Profit margins paint an even more compelling picture. Net margins are close to 15%, and operating margins over 26% reflect an efficient, well-run operation. That kind of profitability, combined with cash on hand and low payout, gives the company room to operate—and keep paying its dividend—under a variety of economic conditions.

Valuation and Stock Performance

From a valuation standpoint, Stifel isn’t demanding a premium. The forward P/E sits around 11.7, which is reasonable for a company growing earnings at this clip. Its PEG ratio, which factors in growth, is under 1.0. That usually signals the market might be undervaluing future performance.

Other valuation metrics support that idea. The price-to-book ratio is just over 2.0, and price-to-sales sits at 2.24. Those are in line with, or even a bit cheaper than, many peers in the financial space. Given the company’s revenue per share of $47.52 and consistent earnings performance, the current price seems well-supported.

Stifel’s stock has moved within a 52-week range of $73.51 to $120.64, and after the recent pullback, it’s settled somewhere in the middle. It’s above its long-term average but not stretched—suggesting the stock isn’t overbought even after a strong run.

Risks and Considerations

Like all financial firms, Stifel is exposed to the natural cycles of the capital markets. When deal flow slows, or trading activity drops, revenues can take a hit. While the wealth management arm provides recurring revenue, the investment banking business introduces a cyclical element.

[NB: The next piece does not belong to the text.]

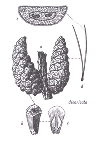 Pinus divaricata, (a) cônes, (b) face dorsale d'une écaille, (c) graines sur face ventrale d'une écaille, (d) feuilles, (e) coupe transversale d'une feuille.
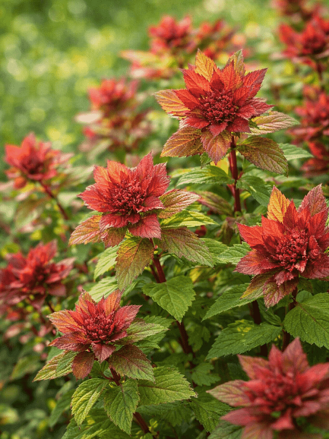 Летняя окраска листвы : яркую красновато-розовая, светло-салатовая, красная, желтая

Interest rates are another factor to watch. Depending on how the yield curve shifts, it could impact client demand, balance sheet performance, or fee income. The company has managed well in different environments so far, but rates are always a wildcard.

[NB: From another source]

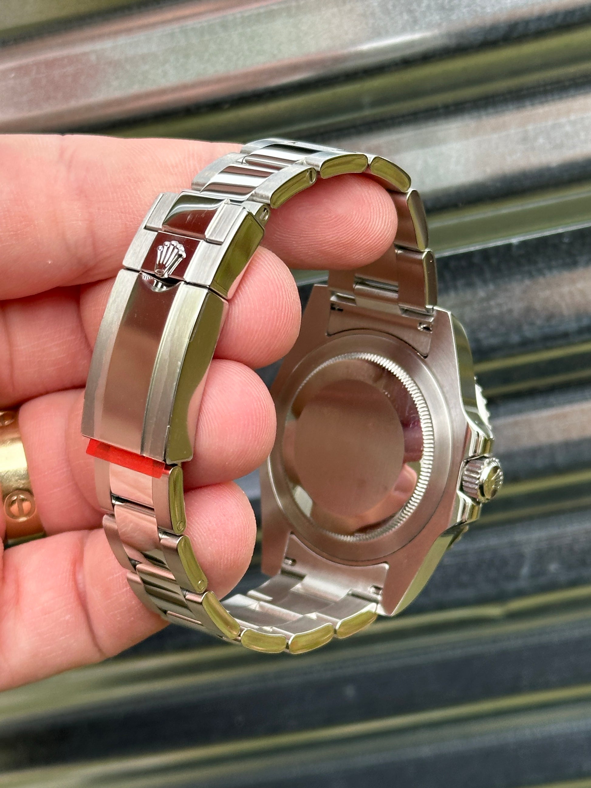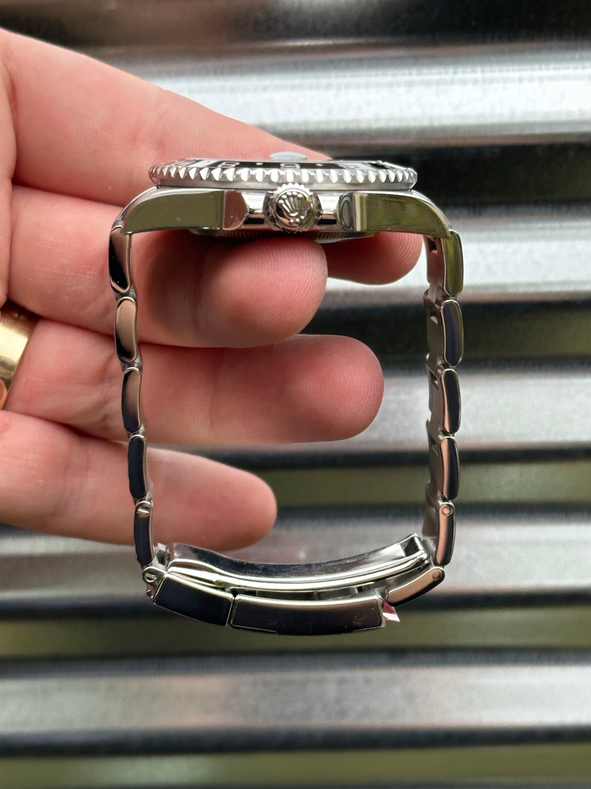 The watch is in overall excellent pre-owned condition - see pics for details. Clean dial and hands. Crystal is clean with no chips. The stainless steel case remains sharp with only minor signs of wear as to be expected for its age. Bezel is clean. Tight bracelet with a clean finish. The coronet is nice and thick on the clasp. Watch remains in great condition! 11 links total. Fits about a 7.5” inch wrist. This configuration of the GMT is very versatile and can be worn with anything.

Insider ownership is also something to consider. At just over 3%, it’s relatively low, especially for a firm of this size. That doesn’t mean leadership isn’t aligned with shareholders, but it’s something investors might want to keep an eye on when thinking about long-term governance.

Finally, the short interest is modest but not insignificant. The current short ratio sits around 2.24, which is still in normal territory but suggests some bearish bets exist—possibly due to macroeconomic concerns more than anything company-specific.

Final Thoughts

Stifel Financial isn’t a headline name, and that’s part of its appeal. It’s the kind of company that keeps delivering—on earnings, on growth, and on dividends—without needing to make noise about it.

With a growing dividend, strong financials, and a long runway for continued performance, Stifel fits well into a portfolio that’s focused on sustainable income. It’s not going to offer the highest yield on the market, but what it lacks in yield it makes up for in consistency, discipline, and a clear path for long-term growth.

For investors who appreciate financial strength and steady dividend progress over flash, Stifel may be one of those under-the-radar names that quietly does the job year after year.